Me llamó para reclamarme una vez más la entrega mensual de mi serie de cómic. Dijo que necesitaban urgentemente el trabajo antes de una semana para maquetar y cerrar la edición.
Irine es la bella secretaria de la editorial Bombilla Books, donde editan a través de la revista mensual El Cerebro Ilustrado las entregas de mi cómic El Viejo y el Bar. En esa conversación, le aseguré que ya casi estaban terminadas las seis páginas de la nueva entrega doble y que podría transmitir, por tanto, toda la tranquilidad del mundo a Benito Jaranero, el excelso director. El trabajo estaría a tiempo. De hecho ‒mentí‒, sólo faltaba entintar: los dibujos y los textos ya estaban terminados. Irine pareció sentirse aliviada con mis palabras. Creo que incluso pude percibir una sonrisa leve tras el auricular del teléfono. Le dije algo que no recuerdo, pero sí que recuerdo que Irine rió. Después, la invité a cenar y ella, sin más, aceptó la invitación.
No encuentro ninguna palabra para relatar lo ocurrido esta noche si quiero ser fiel al sentimiento que me ha producido el encuentro con Irine.
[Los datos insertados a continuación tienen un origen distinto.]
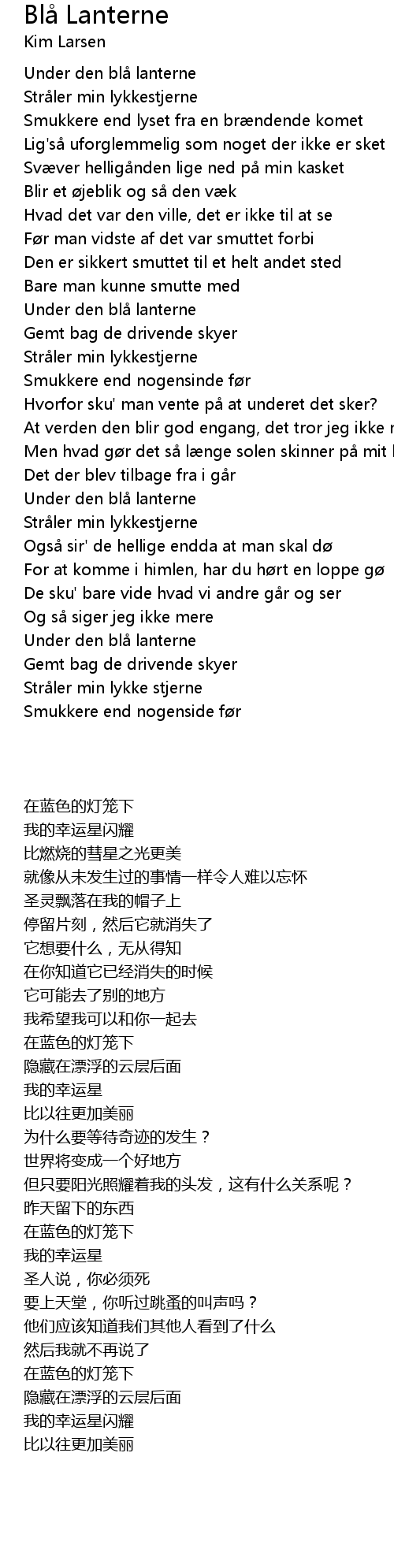 | Song | Blå Lanterne |
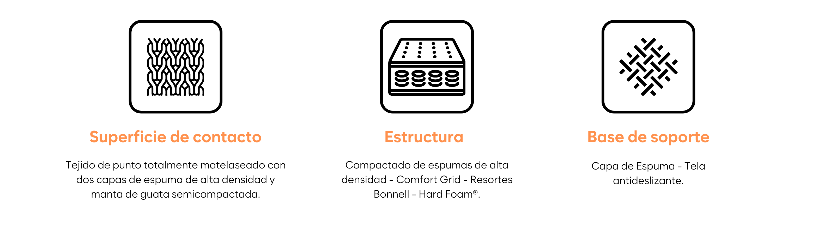 Este colchón ha sido diseñado para ofrecer una estabilidad sobresaliente y un soporte óptimo, factores fundamentales para lograr un descanso de calidad. Gracias a su estructura avanzada y materiales de alta resistencia, cada parte del colchón contribuye a una alineación adecuada del cuerpo, brindando una sensación de firmeza y confort equilibrados que se adapta a diferentes posiciones al dormir.
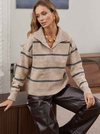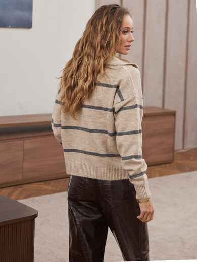 В'язаний джемпер з високоякісного турецького матеріалу. Модель з актуальним коміром-поло. Манжети і низ зв'язані гумкою для фіксації.

El principio fue bueno, digamos que tal vez fuera comparable a una gran obertura de una buena obra; amplia sonrisa, ojos iluminados de luz de la noche, dos cálidos besos de saludo inicial... Pero la noche se fue tiñendo con un clima de inseguridad, nerviosismo y titubeo, que al final hizo que todo terminara en tablas y en cada uno para su casa. No hubo ni el más mínimo interés por ninguna de las partes en que tras aquella primera cita pudiera venir alguna más. O eso pareció. Esa noche quedó como la obra inaugural que fracasa en su estreno y de la que suspenden las siguientes funciones.
Durante el primer acto, en un restaurante hindú en Lavapiés, su sonrisa fue continua desde el inicio de la velada, hasta que se descolgó y se desdibujó terminando por esfumarse por completo. Aún no sé por qué. Quizá por alguno de mis comentarios mordaces.
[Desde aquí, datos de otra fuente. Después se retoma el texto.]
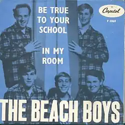 "Be True to Your School" is a song by the American rock band the Beach Boys from their 1963 album Little Deuce Coupe. Written by Brian Wilson and Mike Love, it was issued as a single on October 28, 1963. There are two versions of this song: the album version, and the single version, which added cheerleader yells by the girl group The Honeys in between verses.[1] The song features the melody of the University of Wisconsin's fight song, "On, Wisconsin!", although it is a tribute to Hawthorne High School, which the Wilson brothers and Al Jardine attended. Hawthorne High School's fight song uses the same melody as "On, Wisconsin!".[2]
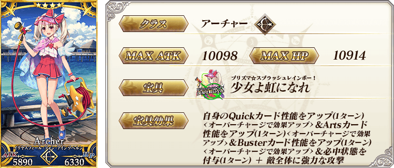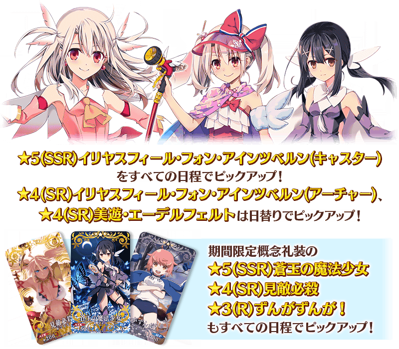 【日替りピックアップ(対象日のみ召喚可能)】 ・★4(SR)イリヤスフィール・フォン・アインツベルン(アーチャー) ・★4(SR)美遊・エーデルフェルト
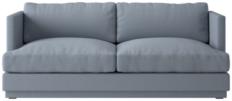 Assembled in North Carolina, crisp linen apartment sofa by Melbourne-based design studio VUUE makes a casually modern statement. The deep, low-slung silhouette leaves plenty of room for lounging with supportive feather-down cushions that sit not too firm, but not too soft. Upholstered in an elegant linen-blend performance fabric. CB2 exclusive.
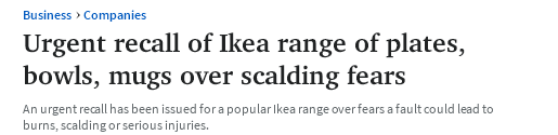 由于担心产品故障可能导致烧伤、烫伤或严重伤害,澳洲宜家6日宣布对Heroisk和Talrika牌的塑料产品发出紧急召回令。
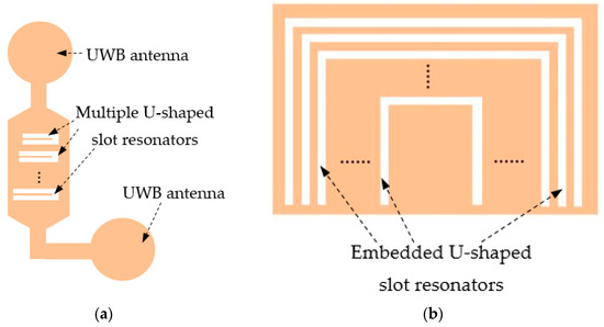 The U-shaped slot resonator is used in retransmission chipless tag RFID systems. It brings a lot of advantages to this design. To compare it to other similar work, Figure 13 shows the schematic diagrams of our design and the other U-shaped slot chipless tag [34]. Our work is shown in Figure 13a. Md Aminul Islam et al. [34] used embedded U-shaped slots based on self-resonance. The electric field must be excited along the direction of the U-shaped slot opening. In our work, the Rx UWB antenna received the interrogation signal and the cascade U-shaped slot resonators changed the structure of the UWB spectrum. Then, the Tx UWB antenna transmitted them to the reader. For our design, the strength of retransmission signal is much greater than the comparison tag in Figure 13b. The coupling effect between the resonators is weak. The chipless tag in our design has high sensitivity, is long in distance, is omnidirectional, etc.
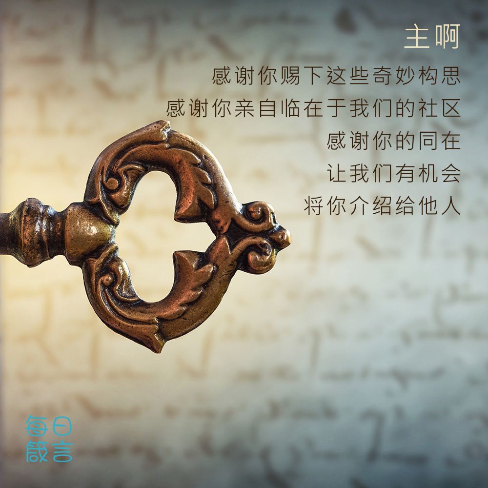 主啊,感谢你赐下这些奇妙构思,感谢你亲自临在于我们的社区。感谢你的同在,让我们有机会将你介绍给他人。阿们。
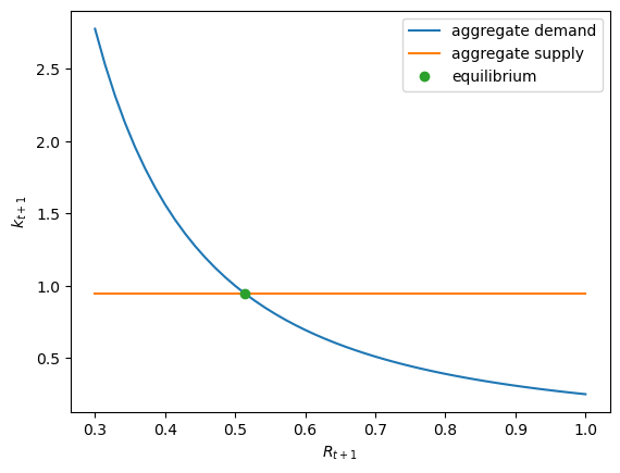 Equating supply and demand will allow us to determine equilibrium in the OLG economy.

Para el segundo acto decidimos, simplemente, pasear. Caminamos por las calles en penumbra sin hablar hacia un rumbo puesto por ella o por su inconsciente, con el eco de nuestros pasos como único sonido en el encuadre de esta escena, que semejaba una vez más la de una película en blanco y negro en la que en cualquier momento parecía que la fuera a tomar del brazo para traerla hacia mí y asirla fuertemente contra mi pecho y besarla. Pero nada de esto ocurrió a pesar de que en mi imaginación aparecía esa escena escrita con varias «íes griegas» como conjunción copulativa. Pero no ocurrió nada de eso. Sin duda porque no me atreví a intentarlo o, quizá, porque en mi imaginación la chica de esa escena no era Irine, sino Ella.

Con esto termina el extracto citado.